Metadata-Version: 2.1
Name: bossman
Version: 0.15.3
Summary: Automation framework
Home-page: https://github.com/ynohat/bossman
Author: Anthony Hogg
Author-email: anthony@hogg.fr
License: UNKNOWN
Platform: UNKNOWN
Classifier: Programming Language :: Python :: 3
Classifier: License :: OSI Approved :: MIT License
Classifier: Operating System :: OS Independent
Requires-Python: >=3.5
Description-Content-Type: text/markdown
Requires-Dist: edgegrid-python (>=1.1.1)
Requires-Dist: requests (>=2.3.0)
Requires-Dist: gitpython
Requires-Dist: pyyaml
Requires-Dist: parse
Requires-Dist: rich (>=6)
Requires-Dist: jsonschema (>=3.2.0)

# Bossman

Automation framework, motivated by Akamai configuration management, but theoretically extensible.

## Concept

The purpose of bossman is to allow _resources_ to be declared as code. It has a plugin architecture,
allowing more resource types to be added.

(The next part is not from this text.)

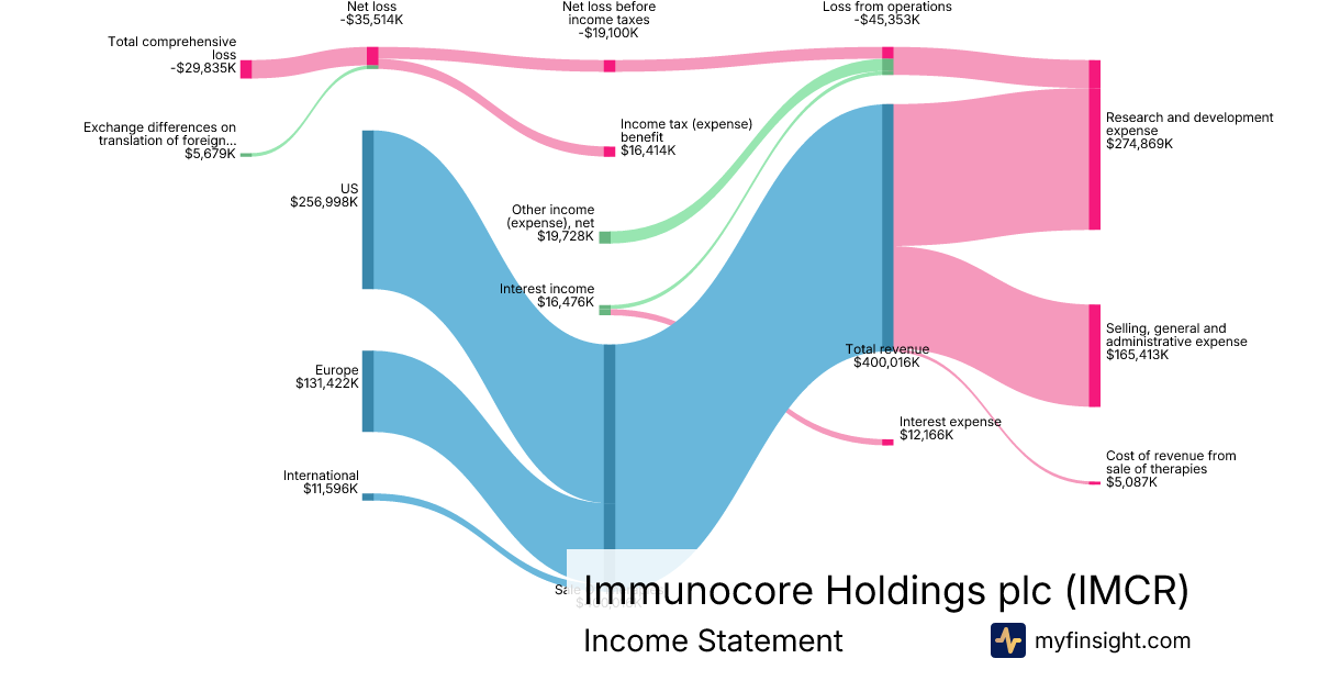 For the year ending 2025-12-31, IMCR made $400,016K in revenue. -$29,835K in net income. Net profit margin of -7.46%.

Resources are materialized locally by a set of configuration artifacts stored in a filesystem, and
remotely by ways that depend on the resource type.

Bossman tracks both the local revisions in git and the remote revisions of the resources and keeps
them in sync.

It is inspired by Terraform, but does not aim to replace it.

## Motivation

We have Terraform - why Bossman?

Simply because it is quicker to write a bossman resource type, allowing quick support for features,
at the expense of all the good things in Terraform.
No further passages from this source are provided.